Yes, after I divorced, had to sell the house and ended up renting, my dad inherited a significant amount of money from an aunt and, after moving himself into a bungalow, helped me out hugely with purchasing my current home. I’m an only child and he said he couldn’t see me and my son struggling trying to get enough money together to purchase again, when it’d all be mine once he was gone anyway. I was, and still am, incredibly grateful. I’ve since become disabled and unable to work much and I thank my lucky stars that the one thing I never have to worry about is a roof over our heads. My lovely dad passed 5 years ago now but I know it made him very happy to see us secure and living somewhere nice and safe.
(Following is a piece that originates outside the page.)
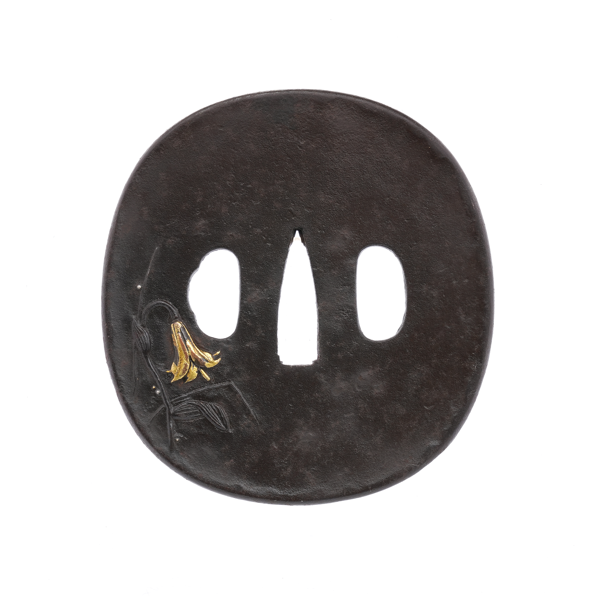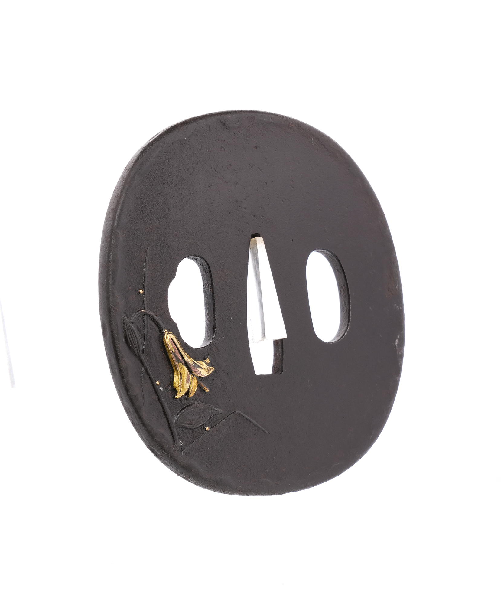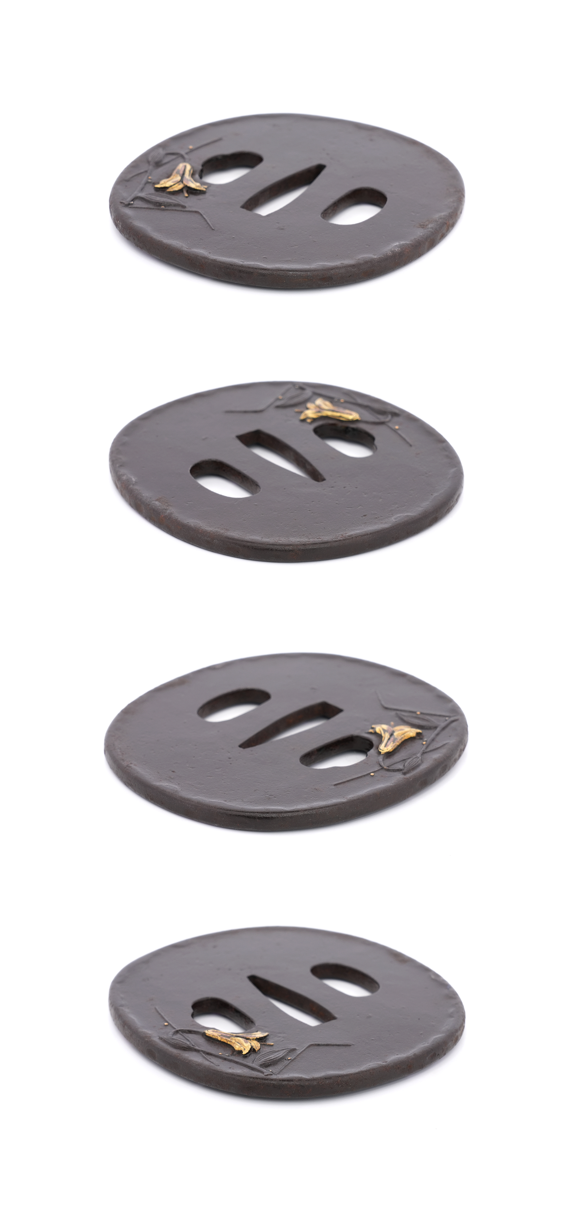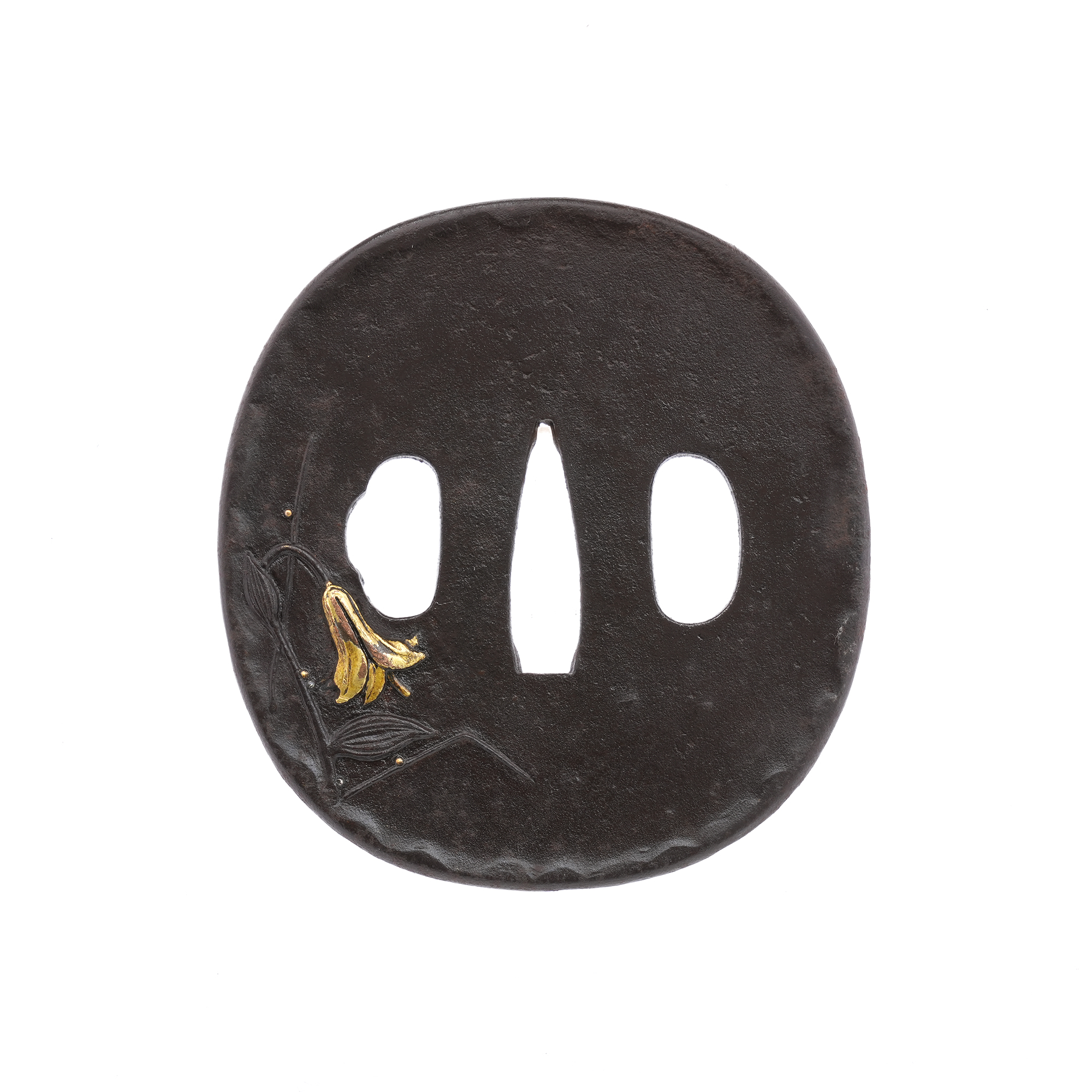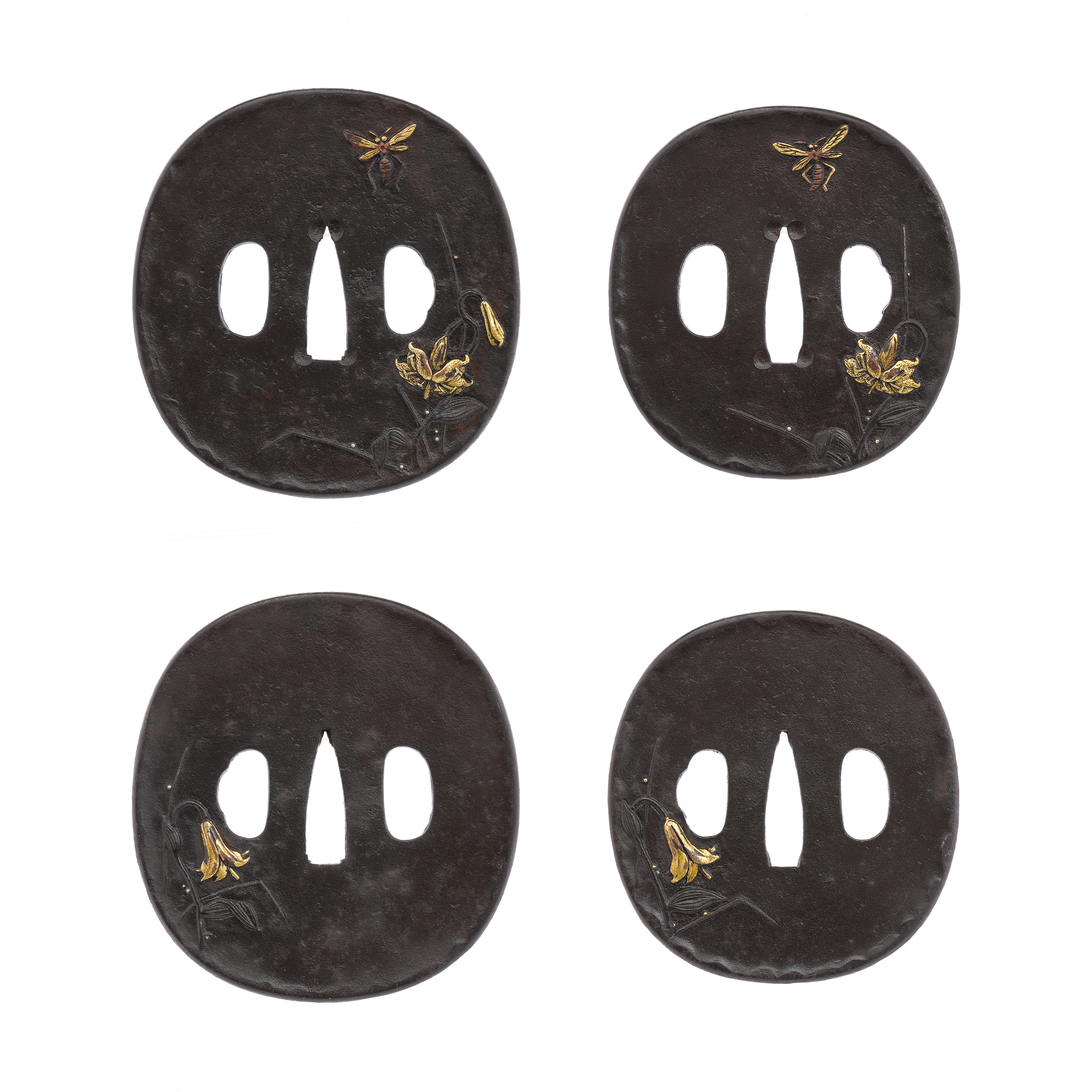 本品は鉄地を用い、可憐に咲く百合の花と、その周囲を飛び交う蜂の姿を生き生きと描いた大小鐔です。静と動の対比が巧みに表現され、画面に心地よい緊張感とリズムを生み出しています。

Ginmonkeyagain · 10/12/2025 14:06

@RessicaJabbit Indeed. I feel like a fool as it took me ages to realise other people buying flats and houses were not doing so on their own - my dad struggles to pay his rent, let alone help me.

amoosebouche · 10/12/2025 14:12

Nothing from either set of parents (one could have afforded to but are not generous, the other would have if they could have but are poor). However, DH received 100k from a childless Aunt when we were in our 30s. Am eternally grateful to her, although we had already bought our first home by then. I wish I had known then what I now know about investing and compound interest, as that money could have gone far further than it did. We will be helping our DC in any way we can, and will go without ourselves to get them set up. I talk to them about money as much as they will let me!

VimesandhisCardboardBoots · 10/12/2025 14:23

My Dad lent me 40k when I bought my first house, no interest or repayment date, and we agreed that I'd pay it back when I sold the house. I ended up paying it back when my mother died and I inherited from her.

His only other proviso was that he be able to keep some of his stuff in my attic, and that he be able to use it as his home base when he was in the country, which I understood to be for a fortnight, 3 or four times a year.

That was not what ended up happening. Instead he'd stay with me for months at a time.

We didn't have the best relationship anyway, as he behaved horrendously towards my mother during their marriage and divorce, and then he was just constantly there during a very difficult portion of my life. Me and DP of 11 months had just had a surprise baby, and we were dealing with them moving in with me, and learning whether we could have a serious relationship, alongside becoming parents. All the while my Dad would be hanging around, making more work for us an never lifting a finger to help.

I regretted taking his money hugely. I still wish I hadn't, even though it would have made our financial lives much harder if I hadn't. I think me and him would probably have a better relationship today if I hadn't taken the loan.